Obama Blasts Republicans’ “Casual” War Talk

“They’re not commander in chief,” Obama says of those who criticize his Iran policy.

President Barack Obama points to a member of the audience at a town hall style meeting in Rio Rancho, New Mexico, May 14, 2009
President Barack Obama points to a member of the audience at a town hall style meeting in Rio Rancho, New Mexico, May 14, 2009 (White House/Pete Souza)

President Barack Obama on Tuesday criticized the “casualness” with which the Republicans seeking to replace him in November talk “talk about war.”

“What’s said on the campaign trail, those folks don’t have a lot of responsibilities,” the president said. “They’re not commander-in-chief.”

Among the four Republicans seeking that job, three insist that the United States should consider military action to delay or destroy Iran’s uranium enrichment program which many Western nations suspect is designed to attain a nuclear weapons capacity.

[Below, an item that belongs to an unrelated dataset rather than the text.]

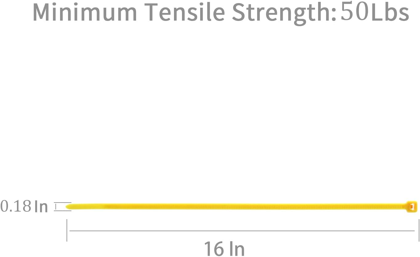 XINGO 100PCS Cable Zip Ties Heavy Duty, Premium Nylon Plastic Wire Ties with 50 Pounds Tensile Strength, Self-Locking Black Nylon Zip Ties for Indoor and Outdoor (16 inch, Yellow)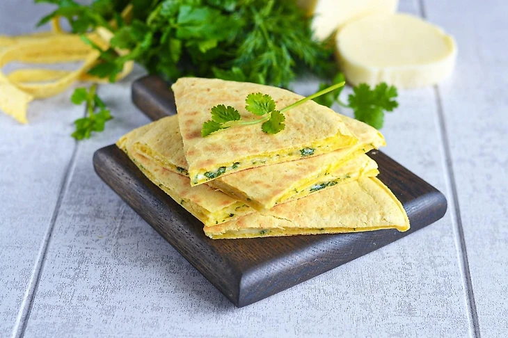 Переверните тортилью, посыпьте тёртым сыром и жарьте ещё 15 секунд.

President Obama cautioned against warmongering hover, urging his conservative challengers to “explain clearly to the American people what the costs and benefits of war would be.”

He also defended his administration’s efforts to stop Iran from reaching an atomic weapons capacity when he said that the decision whether to launch airstrikes could be some time away.

“This notion that somehow we have a choice to make in the next week or two weeks or month or two months is not borne out by the facts,” according to the president.

The American strategy has so far consisted of economic sanctions which are designed to dissuade the Iranians from pressing ahead with their nuclear program. Three Republican presidential hopefuls are skeptical of the sanctions regime however.

Former House speaker Newt Gingrich, who has been the most outspoken among the contenders in his support for covert and military action against Iran’s nuclear effort, alleged in response to the president’s comments that the Middle Eastern country’s leaders were “deepening their commitment to nuclear weapons while we talk.”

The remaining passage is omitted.